Mijn speurtocht naar hedendaagse varianten van het Bremer Rotbier verliep gelukkig succesvoller. Sinds 2015 wordt er weer een echt Bremer Rotbier gemaakt. Een ritje naar onze oosterburen was niet nodig. Binnen een aantal dagen werd deze lekkernij door UPS keurig bij de voordeur afgeleverd. Leve de vooruitgang! Een prachtig robijnrood ongefilterd bier dat me wat deed
denken aan een wat steviger, frissere versie van de speciale Belge bieren als Palm en De Koninck. In hoeverre dit een exacte kopie is van het 13e eeuwse Bremer Rotbier durf ik niet te zeggen. De brouwer beroept zich op de website wel op een geschiedenis die teruggaat tot de middeleeuwen, maar dit rotbier is geen ontzettend dik, zwaar  en moutig bier wat het origineel wel zou zijn. Het is eerder licht troebel. Met zijn 5.1% alcohol past hij weer wel prima in de traditie. Prachtige schuimkraag die ook goed blijft staan. goed bitter door de hop natuurlijk en wat plat in de afdronk door de mout. Toch ook zoetig, notig met karamel Eigenlijk een redelijk goede doordrinker. Een traktatie wat mij betreft. Historisch verantwoord of niet, hij is goed!

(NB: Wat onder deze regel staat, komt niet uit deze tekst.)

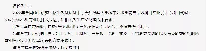 天津城建大學城市藝術學院發布了《關于2022年碩士研究生招生考試初試自命題科目專業設計(506)自帶繪圖工具的說明》。
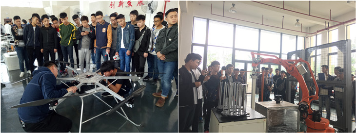施密特电梯公司行政部部长杨光为同学们详细介绍了公司的概况及岗位需求等,并带领同学们实地参观了公司的控制柜装配区,电气装箱区,控制柜测试区,折弯区,点焊区等等,就同学们的问题进行了交流,罗博泰尔机器人研究院有限公司的工程师为同学们详细介绍公司概况,带领同学们参观了公司的展厅 91牛,机械臂,无人机等等,参观过程中,该公司工作人员还为同学们演示了无人机的飞行。
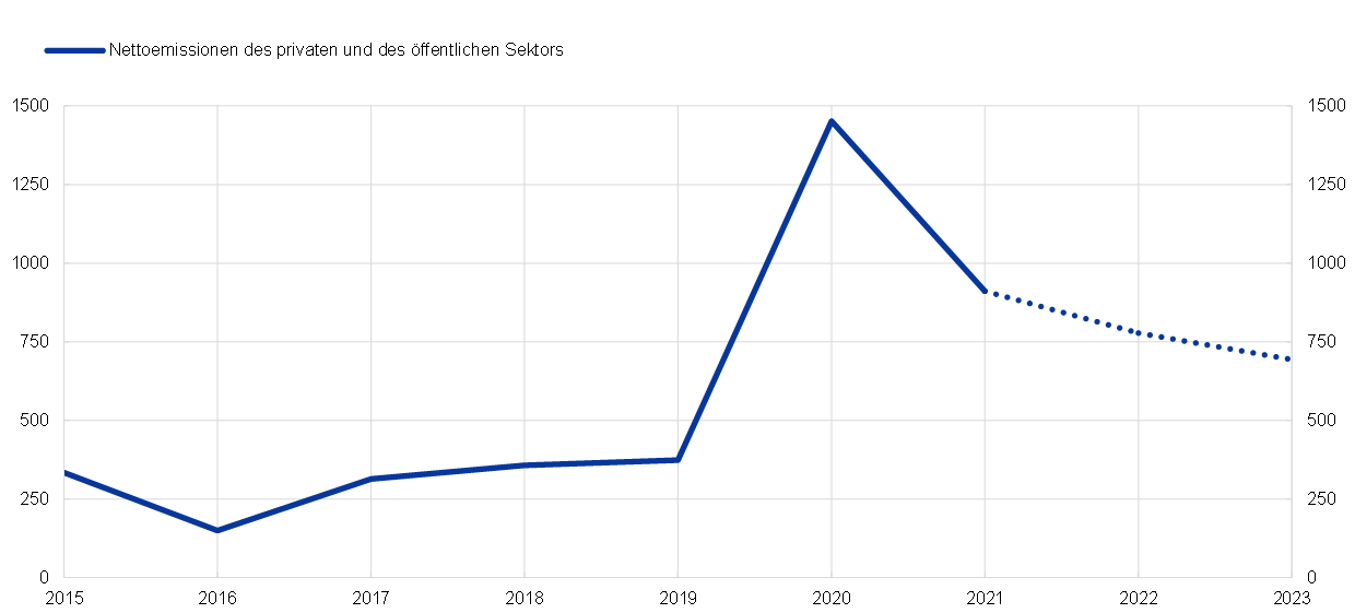 Anmerkung: Die gepunktete Linie zeigt die von Experten der EZB erstellten Projektionen zur Emission von Anleihen des öffentlichen Sektors und des Sektors der nichtfinanziellen Kapitalgesellschaften sowie Projektionen der Europäischen Bankenaufsichtsbehörde (EBA) für (unbesicherte) Wertpapiere des Bankensektors. Die letzte Angabe bezieht sich auf den 18. März 2022.
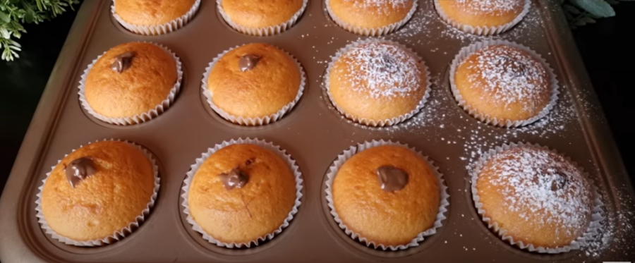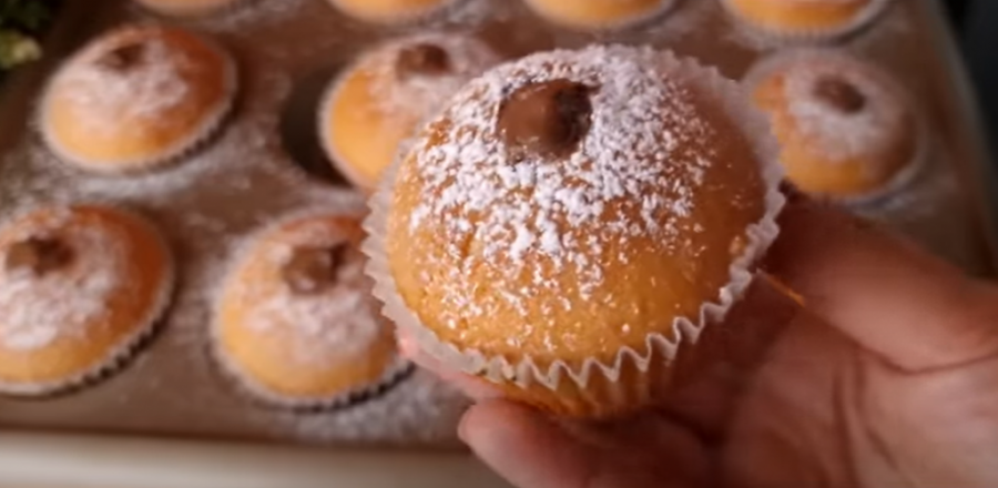 Ovo je najjednostavniji recept za mafine sa kremom. Smesa se brzo i lako pravi, potrebno je da bude gusta kao ona za američke palačinke i ne više od toga. Pre pečenja u smesu stavljate kašiku krema, ili kocku čokolade. Na kraju da bi bilo slađe posipate šećerom u prahu, a to možete i izostaviti ako ne želite da bude previše slatko. Bitno je da šećer u prahu ne posipate dok su mafini vreli jer će se odmah otopiti.
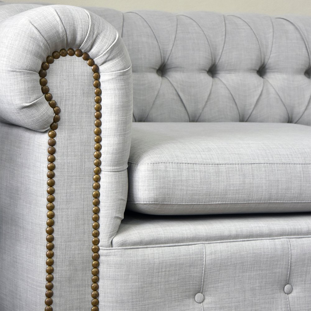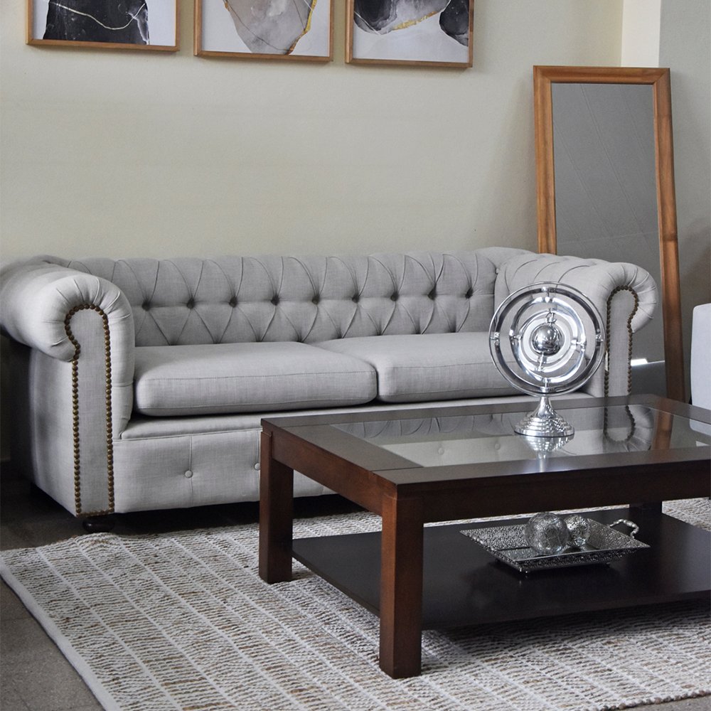 Sofá de estilo clásico, con respaldo y apoyabrazo con capitoné, que añade elegancia. El respaldo y los apoyabrazos son de la misma altura, lo que genera una silueta rectangular y majestuosa. El diseño de este sofá transmite sofisticación y tradición. Es una pieza que eleva inmediatamente el nivel de cualquier ambiente. Ideal para ser el protagonista de tu living, lobbie, sala de espera.
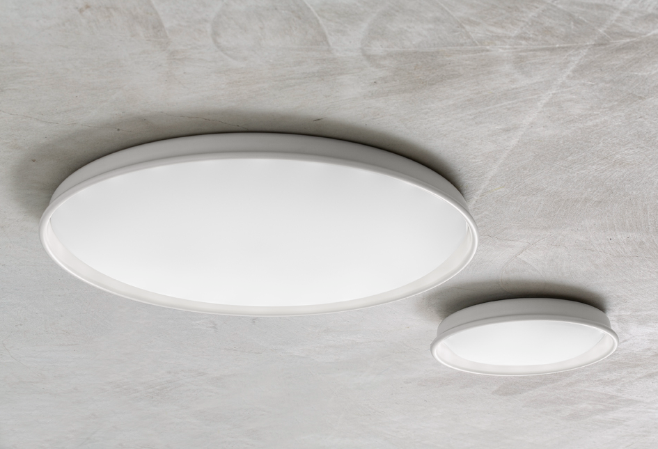 MYMOONS ist eine Serie, die aus drei Geräten unterschiedlicher Größe besteht und sowohl in der Pendelversion mit starrer Halterung als auch in der Deckenversion erhältlich ist.

De Hanzebieren werden dus een groot succes in de lage landen. De Hollandse brouwers kwamen vanaf zo'n beetje 1320 met hun eigen varianten en snoepten geleidelijk steeds meer marktaandeel af. De rollen raakten na 1350 steeds meer omgedraaid. In plaats van dat wij bier uit het Oosten haalden exporteerden wij steeds meer die kant op. De hanzebieren bleven zeker wel bestaan. Het waren dure luxebieren voor de gegoede burgerij. Enerzijds omdat er meer en duurdere grondstoffen in zaten, maar toch vooral omdat de hanzebieren steeds zwaarder werden belast. Zo kon de eigen glooiende brouwindustrie worden beschermd.  Rond 1445 was er vrijwel geen sprake meer van import van hanzebier richting de lage landen. Rond 1600 werd het bier ook ter plaatse nog nauwelijks gemaakt. Gelukkig wordt het Bremer Rotbier tegenwoordig weer gemaakt. Zo kunnen we toch maar weer een stukje verloren gewaande historie aan onze lippen zetten en kan ik er weer een mooi blogje over schrijven. Mooi toch??

zaterdag 19 augustus 2017

3. Gruitbier

van 950 tot ongeveer 1430

Gruitbier en het hiervoor behandelde haverbier lopen een beetje door elkaar heen. Haverbier beschrijft de bieren waarbij haver het voornaamste brouwgraan was. Die bieren bestonden daarnaast uit water, een al dan niet bewust toegediend gistingsmiddel en kruiden voor de smaak en waarschijnlijk ook om de houdbaarheid te bevorderen. Met betrekking tot die kruiden is er de nodige onduidelijkheid. Wat er aan het bier dat alleen in huiselijke kring werd gemaakt aan kruiden werd toegevoegd is niet goed bekend. Naarmate er meer steden ontstonden en brouwen meer een ambachtelijk beroep werd ontstond er een wat meer vastomlijnde kruidentoevoeging aan het bier: Gruit. Ook wel benoemd als gruyt, gruet, grut, gruut, gruta, grout of graut. Bier dat met gruit werd gemaakt had veelal haver als voornaamste brouwgraan. Vandaar dat de haverbieren en de gruitbieren elkaar wat overlappen.

Gruit was was een speciaal voor bier ontwikkeld mengsel van kruiden. Welke kruiden er precies in gingen wilde per regio verschillen, maar het hoofdbestanddeel was vrijwel altijd gagel, een plant die vooral groeit op moerassige, veenachtige grond waarvan er destijds in Nederland voldoende aanwezig was. Andere toevoegingen waren o.a. slangenkruid (serpentien), laurier en hars. De historici zijn het er niet over eens of het puur om een droog kruidenmengsel ging of dat deze kruiden verder werden verwerkt tot een halffabrikaat voor bier. Sommige historici denken dat onder gruit een moutpap (gruetsoppe) met kruiden moet worden verstaan dat tevens een rol in het vergistingsproces speelde. Een vreemde gedachte is dat niet. Gecultiveerde gist bestond nog niet en het is onwaarschijnlijk dat er destijds alleen sprake was van spontane vergisting. Het lijkt aannemelijk dat gruit tevens de houdbaarheid van het bier bevorderde. Toch is kenmerkend voor gruitbieren dat deze niet heel lang houdbaar (en dus beperkt verhandelbaar) waren. Feit is dat gruit een noodzakelijk ingrediënt voor het maken van bier was. Hierdoor was het ook mogelijk om een overheidsmonopolie hierop te vestigen. Alleen via gruithuizen, een soort distributiecentra voor gruit, konden brouwers en particulieren aan het noodzakelijke gruit komen.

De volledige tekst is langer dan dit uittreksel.